Detailed observation of presented data

Introduction

The global Facebook Ads CPM story over the last 13 months reads like a classic retail cycle: steady firming through midyear, a decisive Q4 run-up, and a sharp reset entering the new year. Median CPM opened 2025 at 17.73, climbed to a November high of 25.22, eased in December (22.04), then reset to a 13‑month low of 15.74 in January 2026. Across the period, the average CPM was 19.81, with monthly swings averaging 1.63 points — calm for much of the year, but punchy around the holidays. This analysis is based on $3B worth of advertising data from our dataset, which provides strong directional benchmarks. This analysis explores ad performance trends for all industries across all countries compared to the global benchmark.

Section 1: The story in the data

The period began at 17.73 in January 2025 and closed at 15.74 in January 2026, an 11% net decline driven by a post‑holiday reset. Between those bookends, CPMs advanced meaningfully: +24% from January to December 2025 (17.73 to 22.04) and +42% from January to the November peak (25.22). The lowest point was January 2026 (15.74); the highest was November 2025 (25.22), creating a range of 9.48 — nearly half of the annual average.

Momentum built in stages. February trickled up to 17.90, then March stepped higher to 19.23. A small April dip (18.57) was followed by a May rebound (19.79). Through early Q3, CPMs held a tight corridor — 19.58 in July, 20.38 in August, and 19.96 in September — signaling relative stability. The inflection arrived in Q4: October lifted to 21.69 (+1.74), November surged to 25.22 (+3.53), and December cooled to 22.04 (−3.18). The largest monthly move was the January 2026 reset to 15.74 (−6.30 from December).

On a half‑year view, H2 2025 averaged 21.48, roughly 14% above H1’s 18.82. Q4 alone averaged 22.98, about 26% higher than Q1’s 18.29 — a hallmark of year‑end demand.
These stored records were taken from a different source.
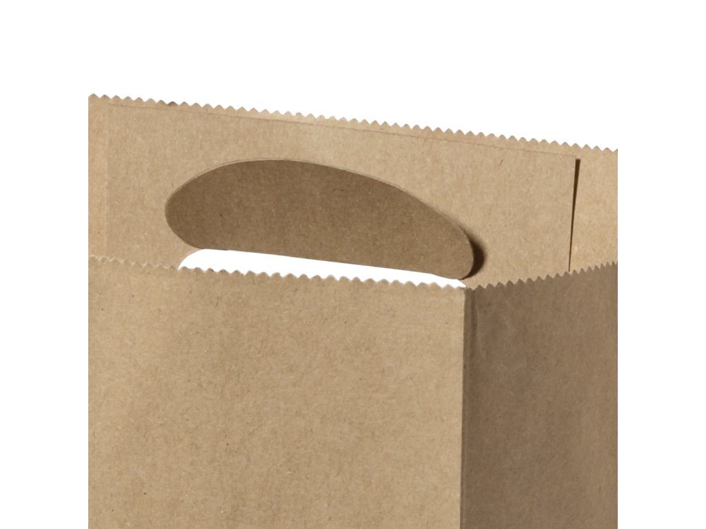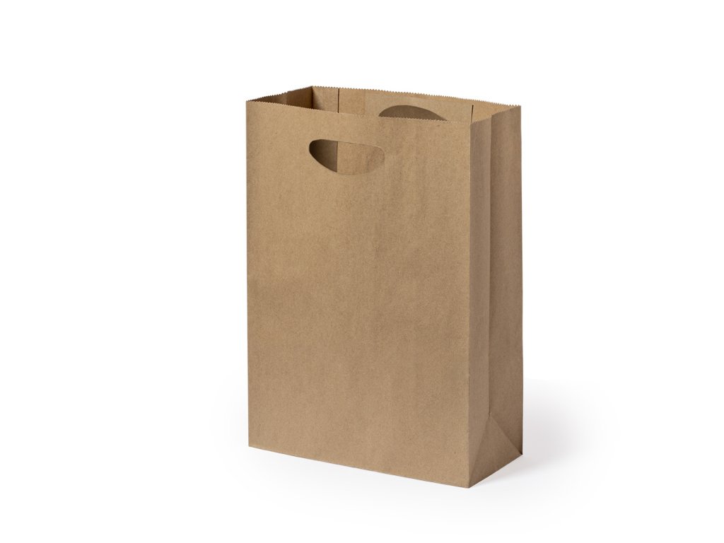 Lehká taška z recyklovaného papíru o hmotnosti 80 g/m2. S originální vysekávanou rukojetí a klínem.
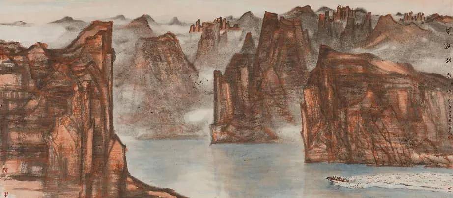 赵拟 《闲艇刘家峡》 纸本设色 80×180cm 2022年
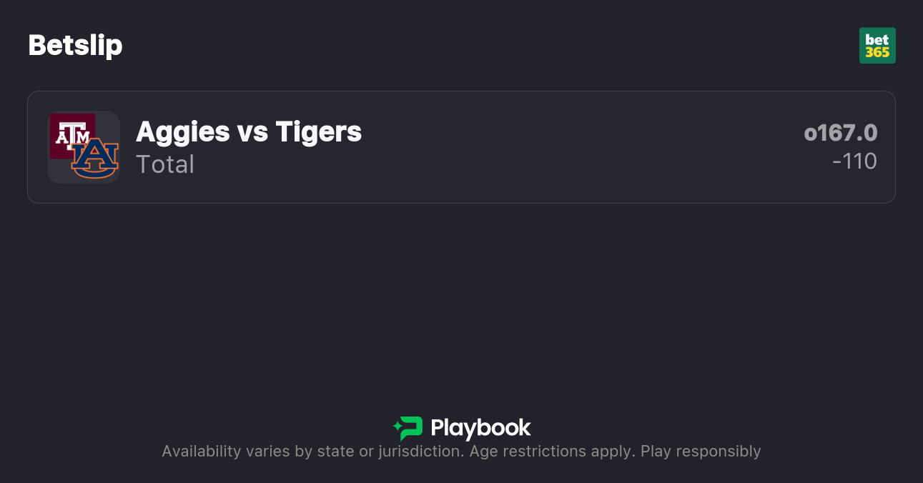 I expect a lot of points. Auburn has one of the most efficient offenses in the country and has scored over 100 in back-to-back games. Meanwhile, Texas A&M has scored over 100 points six times this season.
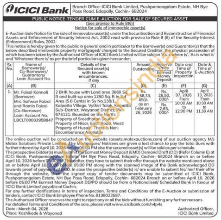 2 BHK house with Land area 3660 Sq. ft and built-up area 1250 Sq. ft in 3.4 Ares (5.6 Cents) in Sy No.138/1, Kalpatta Village, Vythiri Taluk, Kalpatta Sub-District, Wayanad District, Pin-673121. Bounded on the North: Property of Sreedharan South: Property of Nisar, East: Road, West: Property of Husain. There is Non-Encumbarance Available
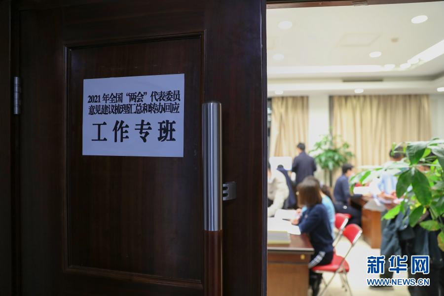 3月5日,2021年全國(guó)兩會(huì)代表委員意見(jiàn)建議梳理匯總和轉(zhuǎn)辦回應(yīng)工作專(zhuān)班的工作人員在忙碌。新華社記者 李木子 攝
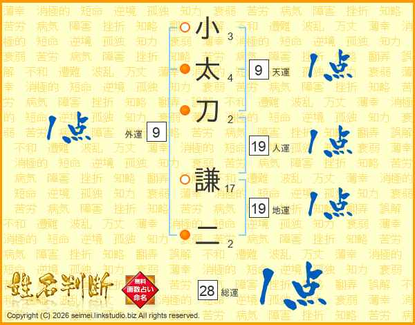 小太刀謙二さんの総運は28画の1点!
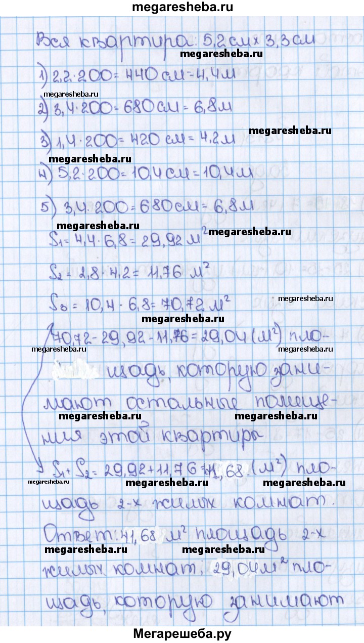 866. На рисунке 45 изображён план двухкомнатной квартиры в масштабе 1 : 200. Определите по плану сумму площадей двух жилых комнат (I и II) и площадь, которую занимают остальные помещения этой квартиры.
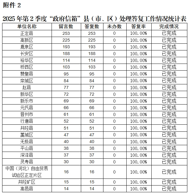 附件2:2025年第2季度“政府信箱”縣(市、區(qū))處理答復工作情況統(tǒng)計表
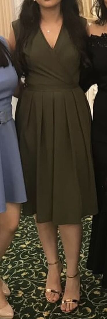 Zeytun-yaşıl rəngdə, qolsuz, A-kəsimli midi don. Üst hissə bükməli (wrap) V-yaxa dizaynla, bel xətti vurğulanmışdır. Etek hissəsi qabarıq, çoxşaxəli plisələr ilə rahat hərəkət verir. Arxa hissədə gizli fermuar bağlanması var. Axıcı, yüngül parça gündəlikdən tədbirə qədər müxtəlif kombinlər üçün uyğundur. Sandal və ya topuqlu ayaqqabı ilə şıq görünüş yaradır.
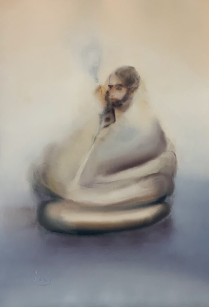 Kypraios worked across these domains in parallel, hence the internal coherence of this new cycle: Dreams converse with Erinyes, Odines, and Erebos without repeating them. They shift the focus from denunciation or depiction toward monumental, meditative elaboration. Through sfumato, which dissolves contours into tonal gradations, and his persistent use of emblematic motifs, Kypraios creates a poetic topography of the unconscious — an archive of visible shadows where human experience is not erased but absorbed into consciousness, takes form.

Section 2: Seasonal and monthly dynamics

The rhythm aligns with familiar Facebook Ads benchmarks: softer CPMs early in the year, gradual firming into summer, and pronounced Q4 pressure as budgets concentrate ahead of peak retail moments. July to September was comparatively flat, with CPMs oscillating within roughly 0.8 points. October and November brought the year’s sharpest lifts, followed by a December cooldown and a January reset that marked the widest drop of the period. This pattern suggests CPM analysis benefits from viewing Q4 as a distinct regime, with early Q1 acting as the market’s exhale.

Section 3: Country vs. Global

Because the selection aggregates all industries and all countries, the series mirrors the global benchmark one‑for‑one. There is no variance at any point — the gap is effectively zero throughout. The global trend rose steadily through 2025 (+24% from January to December), grew choppier in Q4 with the 25.22 November spike, and then fell 29% from December to January 2026.

Closing

In sum, Facebook Ads CPM benchmarks for all industries worldwide show a measured climb through 2025, a pronounced Q4 peak, and a swift January reset. Understanding this CPM analysis within global Facebook Ads benchmarks helps contextualize country‑specific ad costs and broader industry ad performance against the prevailing worldwide pattern.

Understanding the Data

Insights & analysis of Facebook advertising costs

Cost Per Mille (CPM) is the cost advertisers pay for 1,000 impressions of their Facebook ad. Different industries see varying ad costs due to market competition, user demographics, and conversion value. Geographic targeting affects ad costs based on market competition and user engagement in different regions. Different campaign objectives lead to varying costs based on how Facebook optimizes for your specific goals. The data shown represents median values across multiple campaigns, and individual results may vary based on ad quality, audience targeting, and campaign optimization.

Why we use median instead of average

We use the median CTR because the underlying distribution of click-through rates is highly skewed, with a small share of campaigns achieving extremely high CTRs. These outliers can inflate a simple average, making it less representative of what most advertisers actually experience. By using the median—which sits at the midpoint of all campaigns—we provide a more rigorous and realistic benchmark that reflects the true underlying data model and helps you set attainable performance expectations.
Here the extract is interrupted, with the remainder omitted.